E’ quindi interessante vedere come i limiti dei discorsi neoliberali si ritrovino nell’esistenza o persistenza di forme di socializzazione orizzontale alternative a quelle verticali dettate dal mercato. Sebbene le retoriche ufficiali dipingano questi legami come “residui” del passato in procinto di scomparire con la modernizzazione, essi sono invece molto attuali e studiosi quali Pierre Bourdieu li hanno considerate delle vere e proprie “resistenze” al neoliberismo. In generale, qualunque riproposizione di legame sociale collettivo può essere inteso come alternativo al discorso securitizzante egemone. La securitizzazione neoliberale si fonda infatti su un privilegiare i legami verticali, fra le grandi istituzioni (Stato, mercato, enti sovranazionali o anche locali) e l’individuo, a dispetto dei legami di solidarietà di tipo orizzontale. La persistenza o la ricreazione di questi legami di tipo orizzontale mettono in causa la visione totalitaria della società a solidarietà meccanica, lasciando spazio ad altre forme di aggregazione alternativa.

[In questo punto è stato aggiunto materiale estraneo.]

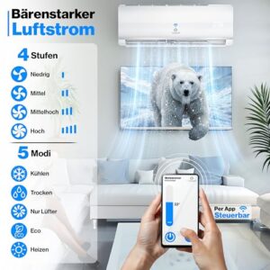 - 𝐋𝐄𝐈𝐒𝐓𝐔𝐍𝐆𝐒𝐒𝐓𝐀𝐑𝐊 & 𝐄𝐅𝐅𝐈𝐙𝐈𝐄𝐍𝐓: Die KESSER Klimaanlage ist mit einer Leistung von 9000 BTU (2600 W) oder 12000 BTU (3400 W) ausgestattet und bietet einen starken Luftdurchsatz von 420 m³/h bzw. 550 m³/h. Diese hohe Leistung sorgt für schnelle Kühlung und effizientes Heizen, ideal für verschiedene Raumgrößen und Anwendungen.

Lo studio dell’(in)sicurezza neoliberale, non può quindi fare a meno di un contestuale studio delle (in)sicurezze orizzontali che animano il livello locale e che vengono messe in atto direttamente dagli attori sociali. Come abbiamo visto, esse possono assumere tantissime forme, ad iniziare da forme di solidarietà collettiva locale in opposizione alle logiche di mercificazione della società, come nel caso delle società di mutuo soccorso, dei legami familiari forti o delle associazioni di micro-credito e scambio. Possono anche consistere nell’interpretazione locale di strutture politiche calate dall’alto, rese malleabili e adattate a microcosmi locali. Possono infine dare luogo a sistemi di rappresentazione del mondo simbolici e ideologici alternativi a quello dominante, che mettono in discussione la validità e universalità del pensiero neoliberale. Un esempio è il discorso sulla demonizzazione del capitalismo in America Latina, studiato negli anni Ottanta dall’antropologo Michael Taussig, ma anche l’uso della stregoneria descritto nel nostro volume da Andrea Ceriana Mayneri nel caso centrafricano e da me in quello gabonese.

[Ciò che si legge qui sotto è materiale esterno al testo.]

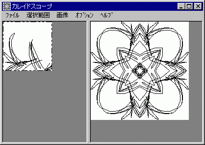 お手持ちの画像やでたらめならくがきを万華鏡を覗いたような図案に変換して出力します。

L’apporto dell’antropologia e delle scienze sociali sta in parte nel rintracciare e studiare esempi di queste alternative, in luoghi e momenti molto diversi della storia: dalle associazioni di contadini per la terra in America Latina alle reti di parentela fittizia che si estendono fra gli anziani negli USA, dalle tontines africane alle comunità zapatiste del Chiapas, dal ruolo crescente delle famiglie nell’assistenza sociale nell’Europa mediterranea alle chiese pentecostali frequentate da immigrati, dai movimenti religiosi anti-stregoneria in Africa ai gruppi della galassia No Global presenti in tutto il mondo. La loro importanza risiede nell’essere l’evidenza dei limiti e dell’insufficienza del discorso dominante, nel costituire quindi delle vere e proprie reazioni dal basso in direzione di un’alternativa. Non a caso l’antropologo David Graeber le ha definite “azioni rivoluzionarie”, potenzialmente capaci di cambiare lentamente l’ordine sociale esistente.